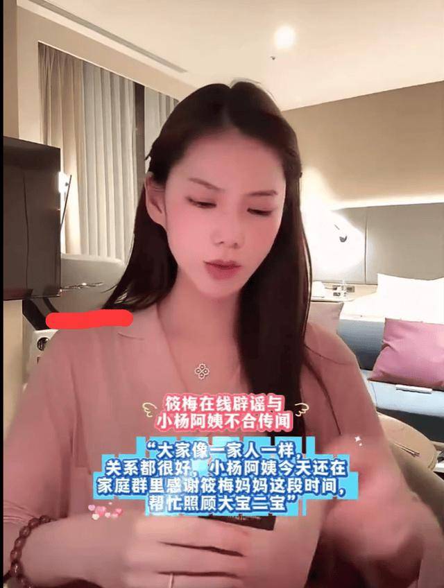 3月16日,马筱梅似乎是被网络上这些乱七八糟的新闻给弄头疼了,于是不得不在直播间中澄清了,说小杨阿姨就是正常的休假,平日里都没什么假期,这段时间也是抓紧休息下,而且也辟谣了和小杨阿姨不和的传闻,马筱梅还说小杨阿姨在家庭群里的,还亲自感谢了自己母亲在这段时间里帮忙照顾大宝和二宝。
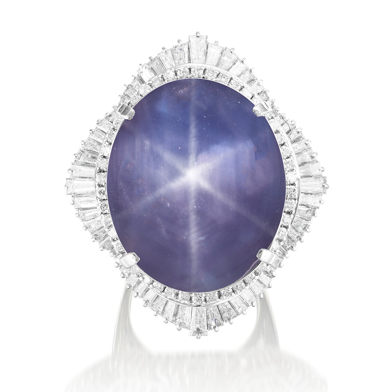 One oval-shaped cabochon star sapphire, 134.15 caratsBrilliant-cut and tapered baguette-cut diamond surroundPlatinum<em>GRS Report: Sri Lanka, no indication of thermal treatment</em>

------

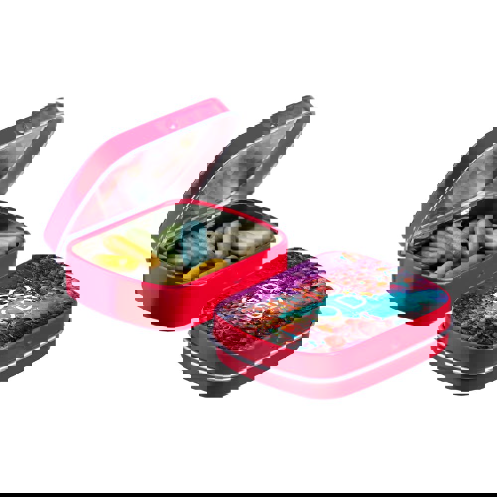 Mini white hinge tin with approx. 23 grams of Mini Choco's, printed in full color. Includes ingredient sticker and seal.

------

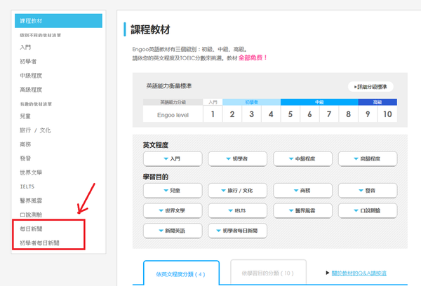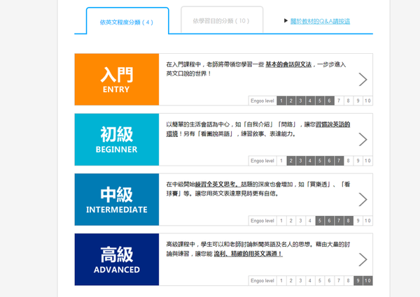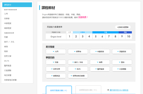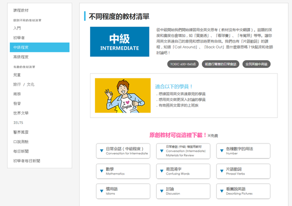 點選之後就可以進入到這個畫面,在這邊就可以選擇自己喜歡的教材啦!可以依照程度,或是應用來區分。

------

REQUIRED WORK
What are the lines in the records above, word for word, from the one containing "3月16日,马筱梅似乎是被网" through the one containing "One oval-shaped cabochon", both ends included and pictures left out?

TASK SOLUTION
 3月16日,马筱梅似乎是被网络上这些乱七八糟的新闻给弄头疼了,于是不得不在直播间中澄清了,说小杨阿姨就是正常的休假,平日里都没什么假期,这段时间也是抓紧休息下,而且也辟谣了和小杨阿姨不和的传闻,马筱梅还说小杨阿姨在家庭群里的,还亲自感谢了自己母亲在这段时间里帮忙照顾大宝和二宝。
 One oval-shaped cabochon star sapphire, 134.15 caratsBrilliant-cut and tapered baguette-cut diamond surroundPlatinum<em>GRS Report: Sri Lanka, no indication of thermal treatment</em>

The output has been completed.